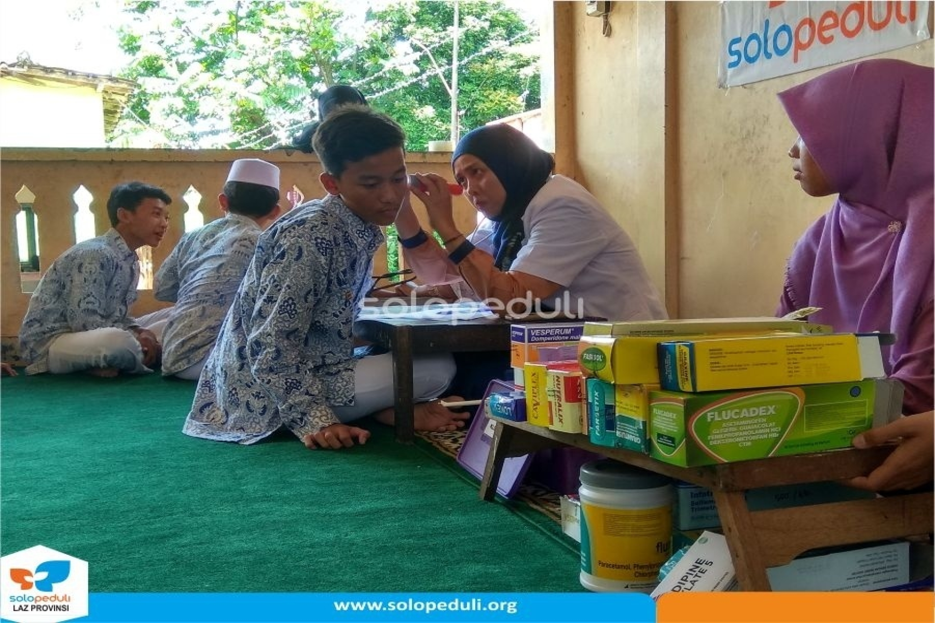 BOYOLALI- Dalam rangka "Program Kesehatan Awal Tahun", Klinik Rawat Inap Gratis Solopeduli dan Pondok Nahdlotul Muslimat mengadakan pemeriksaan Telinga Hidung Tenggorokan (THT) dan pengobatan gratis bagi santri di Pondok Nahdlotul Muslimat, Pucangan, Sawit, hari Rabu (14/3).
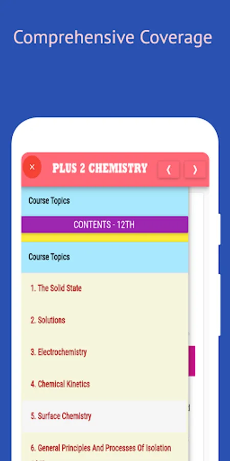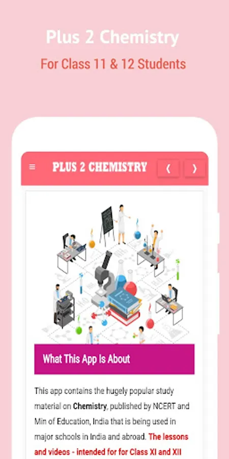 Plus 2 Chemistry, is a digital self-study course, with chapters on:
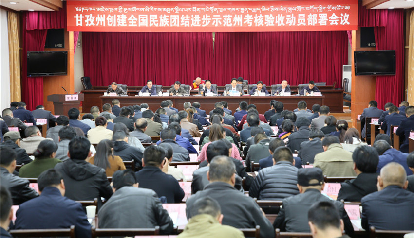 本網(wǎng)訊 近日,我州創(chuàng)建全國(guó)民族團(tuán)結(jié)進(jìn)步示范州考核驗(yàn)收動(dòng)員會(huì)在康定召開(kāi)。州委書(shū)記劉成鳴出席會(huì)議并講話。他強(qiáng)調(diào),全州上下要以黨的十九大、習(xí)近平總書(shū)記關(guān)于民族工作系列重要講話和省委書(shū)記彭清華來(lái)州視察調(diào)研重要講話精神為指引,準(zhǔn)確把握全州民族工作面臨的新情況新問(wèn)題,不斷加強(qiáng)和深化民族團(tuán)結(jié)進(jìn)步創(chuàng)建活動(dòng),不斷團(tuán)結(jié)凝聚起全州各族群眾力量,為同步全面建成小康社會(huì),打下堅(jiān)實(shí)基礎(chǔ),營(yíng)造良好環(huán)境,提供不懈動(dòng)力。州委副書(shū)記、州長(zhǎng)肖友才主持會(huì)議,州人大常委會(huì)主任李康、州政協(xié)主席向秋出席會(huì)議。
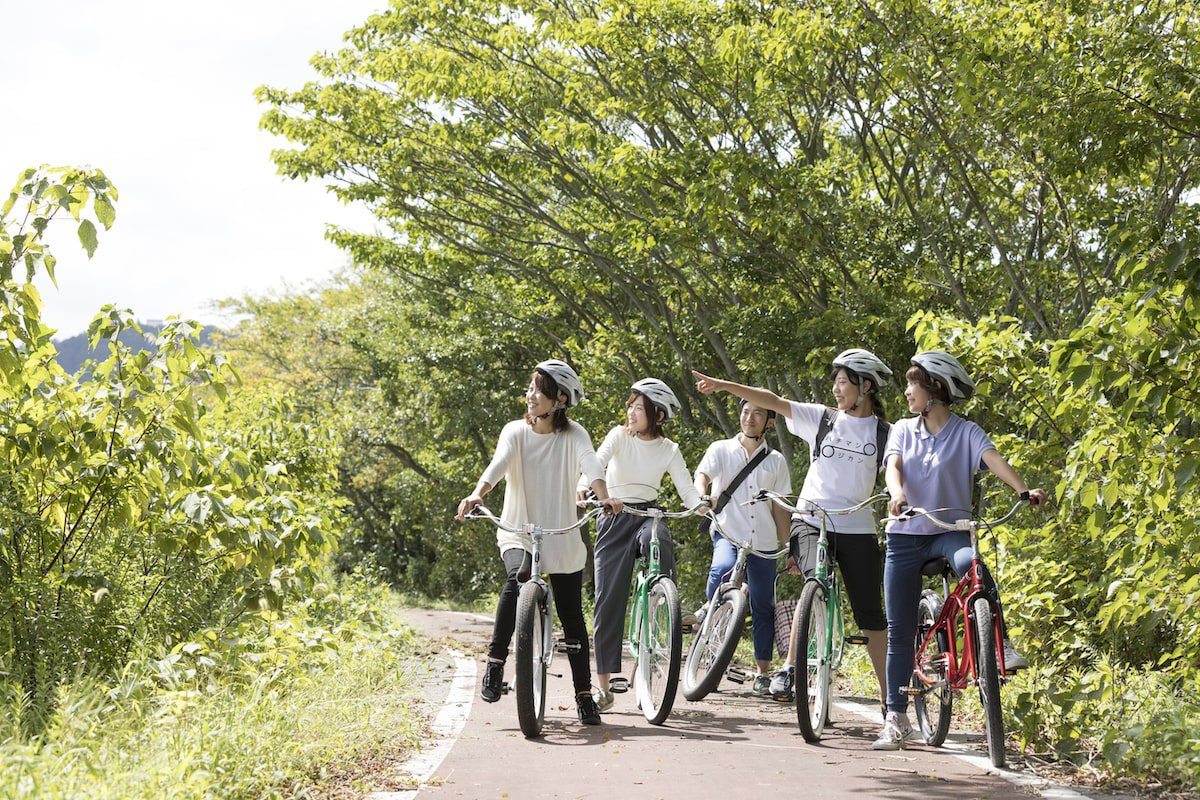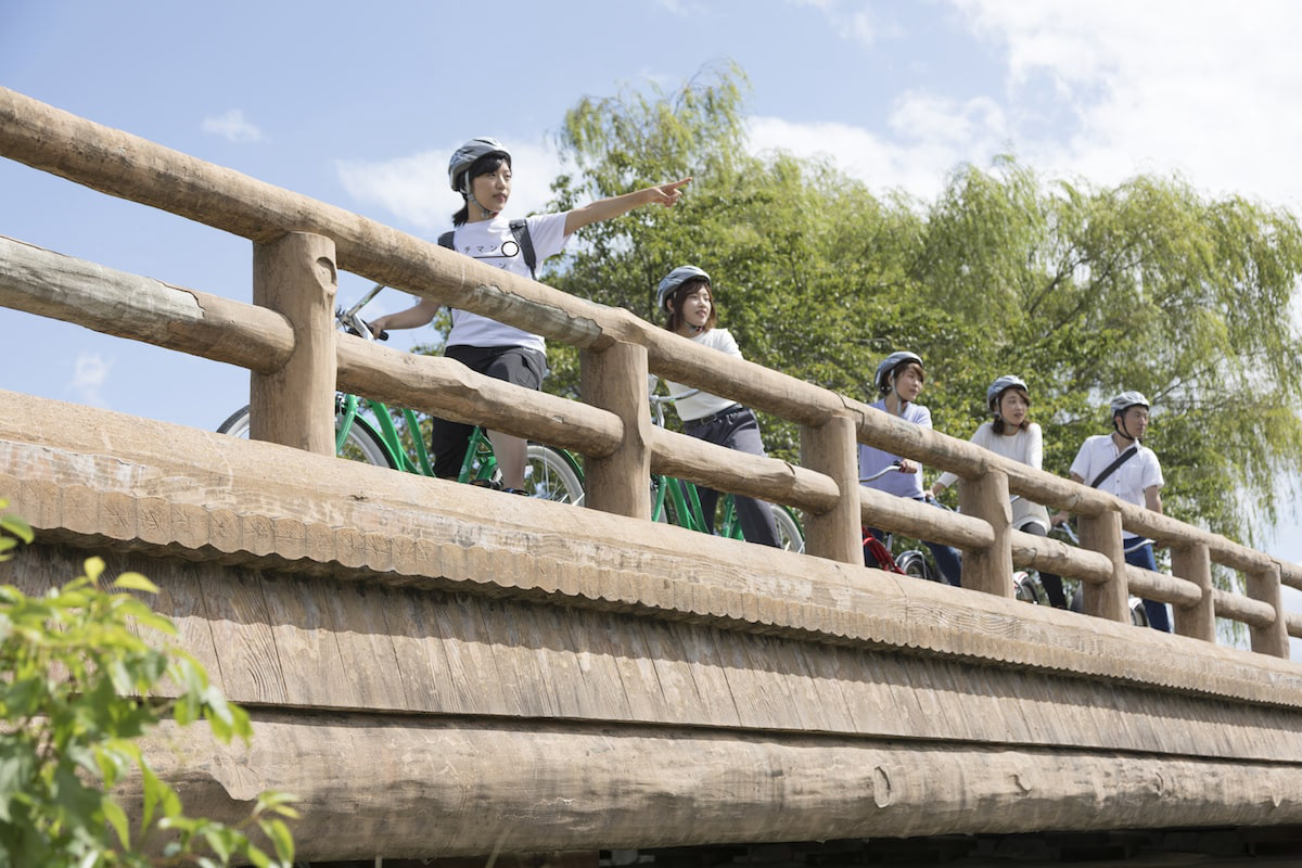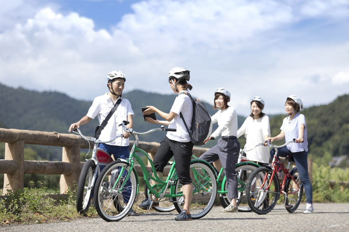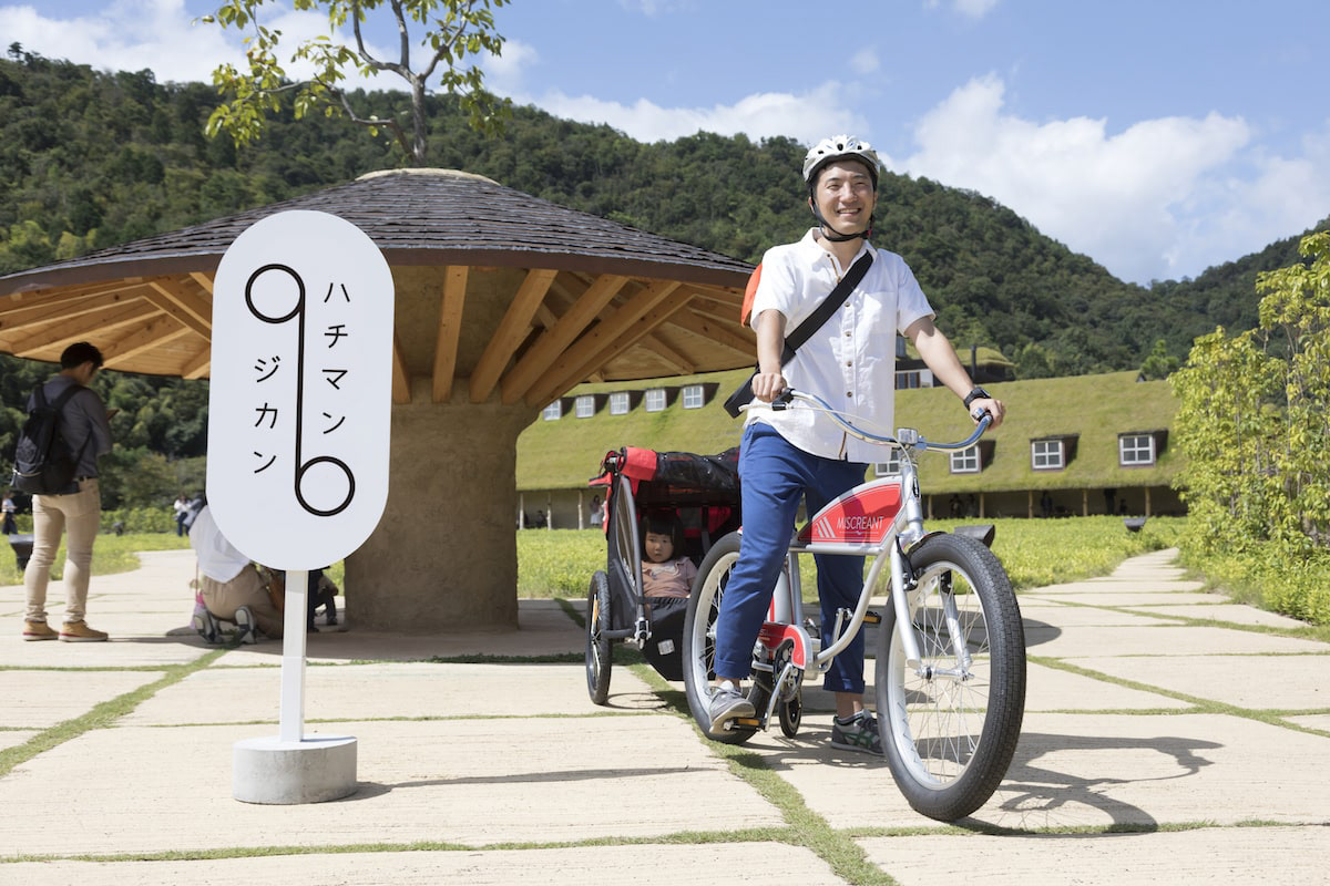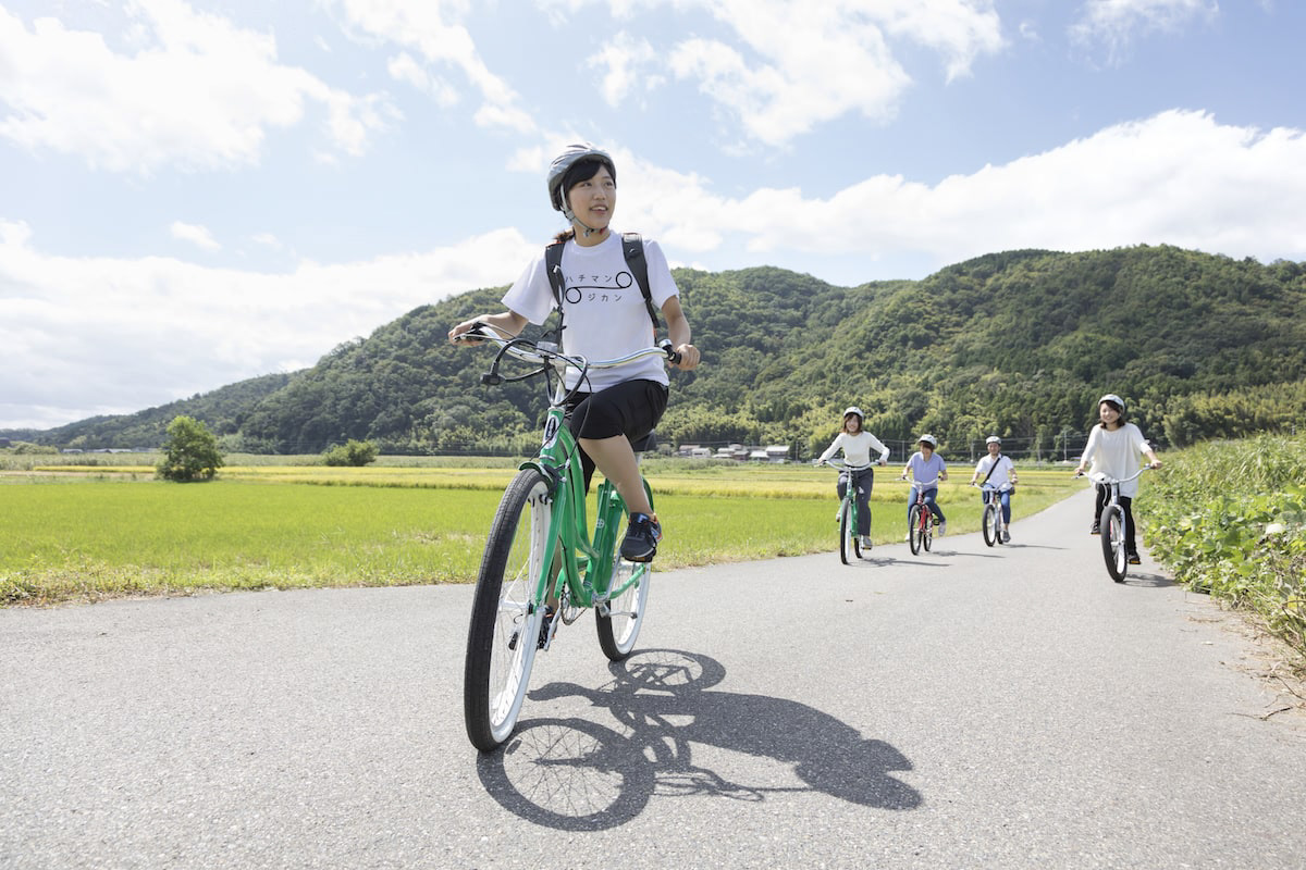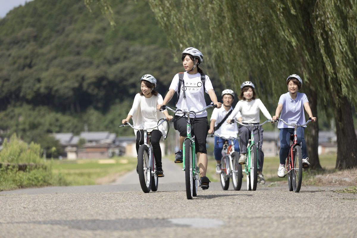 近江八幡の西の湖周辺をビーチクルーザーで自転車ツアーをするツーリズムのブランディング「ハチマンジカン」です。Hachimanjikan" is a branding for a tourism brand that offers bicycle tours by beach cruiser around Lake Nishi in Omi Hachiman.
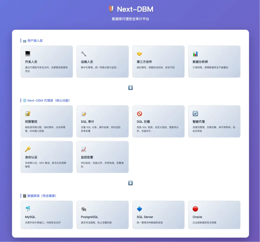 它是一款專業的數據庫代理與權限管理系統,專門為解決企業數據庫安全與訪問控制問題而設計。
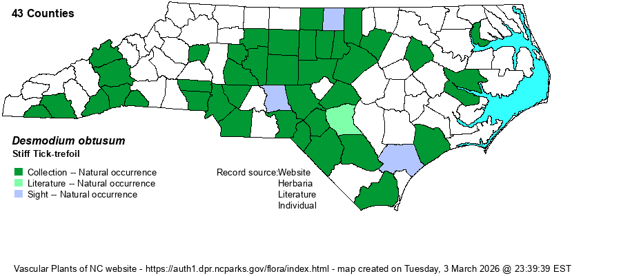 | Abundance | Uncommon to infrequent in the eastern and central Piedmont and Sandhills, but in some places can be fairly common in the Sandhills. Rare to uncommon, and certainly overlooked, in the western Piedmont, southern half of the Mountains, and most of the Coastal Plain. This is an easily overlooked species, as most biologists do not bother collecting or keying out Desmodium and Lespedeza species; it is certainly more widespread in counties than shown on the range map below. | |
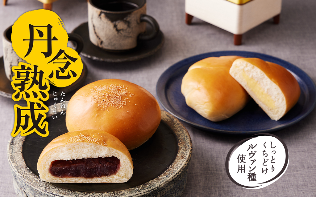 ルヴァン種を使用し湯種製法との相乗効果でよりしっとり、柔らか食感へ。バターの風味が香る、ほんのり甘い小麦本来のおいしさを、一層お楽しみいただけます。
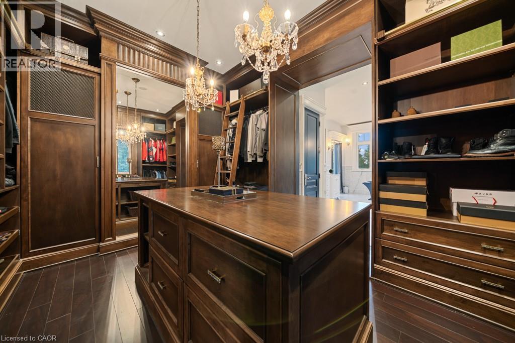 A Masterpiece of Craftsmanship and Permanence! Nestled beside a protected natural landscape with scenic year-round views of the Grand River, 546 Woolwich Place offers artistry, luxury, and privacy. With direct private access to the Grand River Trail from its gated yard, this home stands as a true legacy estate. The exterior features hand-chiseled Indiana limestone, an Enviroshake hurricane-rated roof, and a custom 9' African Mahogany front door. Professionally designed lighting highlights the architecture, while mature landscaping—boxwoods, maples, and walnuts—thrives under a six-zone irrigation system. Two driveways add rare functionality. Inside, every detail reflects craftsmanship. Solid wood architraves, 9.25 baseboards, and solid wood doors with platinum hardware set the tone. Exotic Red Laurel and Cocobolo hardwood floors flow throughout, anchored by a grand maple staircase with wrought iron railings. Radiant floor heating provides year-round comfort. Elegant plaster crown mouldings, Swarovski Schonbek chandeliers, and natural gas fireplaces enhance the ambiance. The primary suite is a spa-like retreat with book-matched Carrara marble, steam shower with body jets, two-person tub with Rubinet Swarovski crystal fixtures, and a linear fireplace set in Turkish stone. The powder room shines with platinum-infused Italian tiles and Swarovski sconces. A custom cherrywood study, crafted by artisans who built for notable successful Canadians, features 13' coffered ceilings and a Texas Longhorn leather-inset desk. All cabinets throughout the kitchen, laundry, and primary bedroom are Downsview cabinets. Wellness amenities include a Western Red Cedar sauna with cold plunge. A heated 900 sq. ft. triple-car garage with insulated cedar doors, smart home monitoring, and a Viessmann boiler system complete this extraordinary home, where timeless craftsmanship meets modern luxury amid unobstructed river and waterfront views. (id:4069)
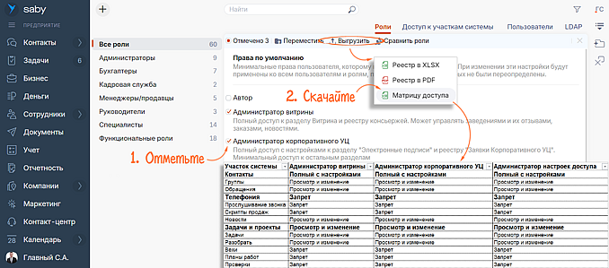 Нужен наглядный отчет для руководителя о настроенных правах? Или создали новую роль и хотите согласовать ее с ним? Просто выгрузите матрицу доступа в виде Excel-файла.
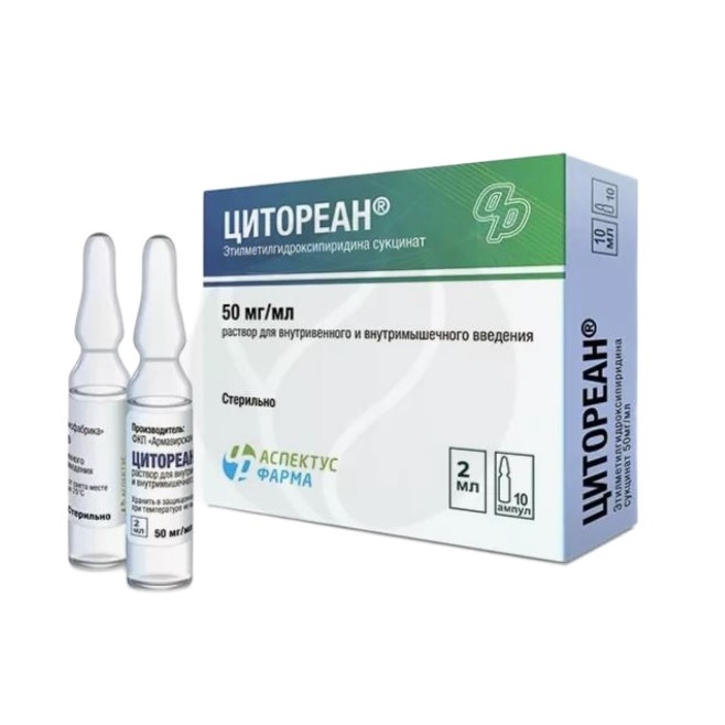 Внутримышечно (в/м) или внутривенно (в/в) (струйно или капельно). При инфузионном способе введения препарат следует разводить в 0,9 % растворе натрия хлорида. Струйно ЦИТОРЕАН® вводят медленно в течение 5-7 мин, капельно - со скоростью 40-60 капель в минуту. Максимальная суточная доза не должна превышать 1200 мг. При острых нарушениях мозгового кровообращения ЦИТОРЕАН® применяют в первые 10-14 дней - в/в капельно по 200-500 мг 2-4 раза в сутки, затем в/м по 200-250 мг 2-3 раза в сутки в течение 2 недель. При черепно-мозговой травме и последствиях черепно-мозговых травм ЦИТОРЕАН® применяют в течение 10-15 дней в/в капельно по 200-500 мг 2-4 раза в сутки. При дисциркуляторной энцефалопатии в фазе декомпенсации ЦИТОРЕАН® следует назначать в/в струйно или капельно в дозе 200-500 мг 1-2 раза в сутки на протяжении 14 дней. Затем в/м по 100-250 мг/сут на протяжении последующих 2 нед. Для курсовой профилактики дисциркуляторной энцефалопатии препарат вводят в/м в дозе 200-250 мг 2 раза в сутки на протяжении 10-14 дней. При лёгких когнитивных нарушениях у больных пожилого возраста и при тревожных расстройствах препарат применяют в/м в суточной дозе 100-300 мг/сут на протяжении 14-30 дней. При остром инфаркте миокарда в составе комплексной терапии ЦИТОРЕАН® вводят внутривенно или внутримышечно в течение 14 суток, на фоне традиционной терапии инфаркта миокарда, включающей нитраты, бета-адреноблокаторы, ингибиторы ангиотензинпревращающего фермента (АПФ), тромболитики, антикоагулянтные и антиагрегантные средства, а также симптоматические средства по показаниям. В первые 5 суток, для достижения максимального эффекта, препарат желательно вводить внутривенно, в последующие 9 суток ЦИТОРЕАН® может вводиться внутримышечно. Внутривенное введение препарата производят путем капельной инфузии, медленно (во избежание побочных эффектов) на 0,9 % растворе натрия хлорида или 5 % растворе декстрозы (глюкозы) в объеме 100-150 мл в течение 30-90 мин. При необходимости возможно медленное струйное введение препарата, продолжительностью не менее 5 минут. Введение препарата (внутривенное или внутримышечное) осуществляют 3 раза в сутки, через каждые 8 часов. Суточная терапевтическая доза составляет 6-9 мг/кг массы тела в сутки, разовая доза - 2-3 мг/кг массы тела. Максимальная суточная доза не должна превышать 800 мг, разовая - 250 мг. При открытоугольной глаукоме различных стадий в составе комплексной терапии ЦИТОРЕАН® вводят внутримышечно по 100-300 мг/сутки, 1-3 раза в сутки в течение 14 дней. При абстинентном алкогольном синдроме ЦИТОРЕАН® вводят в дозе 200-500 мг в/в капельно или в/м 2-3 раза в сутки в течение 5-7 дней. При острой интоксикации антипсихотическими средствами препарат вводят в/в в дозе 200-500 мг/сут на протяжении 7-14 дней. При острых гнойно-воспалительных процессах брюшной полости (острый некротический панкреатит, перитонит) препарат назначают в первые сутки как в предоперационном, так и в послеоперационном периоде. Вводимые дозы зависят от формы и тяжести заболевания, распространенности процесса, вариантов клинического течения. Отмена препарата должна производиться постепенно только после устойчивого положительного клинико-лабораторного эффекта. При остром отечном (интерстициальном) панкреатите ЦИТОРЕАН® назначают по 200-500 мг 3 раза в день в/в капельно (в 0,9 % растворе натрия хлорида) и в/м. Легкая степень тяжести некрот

=-=-=

:: Exercise goal ::
Although pictures appear among the entries, please set down only the lines from the one with "它是一款專業的數據庫代理與權" up to and including the one with "ルヴァン種を使用し湯種製法と", word for word.

:: Exercise output ::
 它是一款專業的數據庫代理與權限管理系統,專門為解決企業數據庫安全與訪問控制問題而設計。
 | Abundance | Uncommon to infrequent in the eastern and central Piedmont and Sandhills, but in some places can be fairly common in the Sandhills. Rare to uncommon, and certainly overlooked, in the western Piedmont, southern half of the Mountains, and most of the Coastal Plain. This is an easily overlooked species, as most biologists do not bother collecting or keying out Desmodium and Lespedeza species; it is certainly more widespread in counties than shown on the range map below. | |
 ルヴァン種を使用し湯種製法との相乗効果でよりしっとり、柔らか食感へ。バターの風味が香る、ほんのり甘い小麦本来のおいしさを、一層お楽しみいただけます。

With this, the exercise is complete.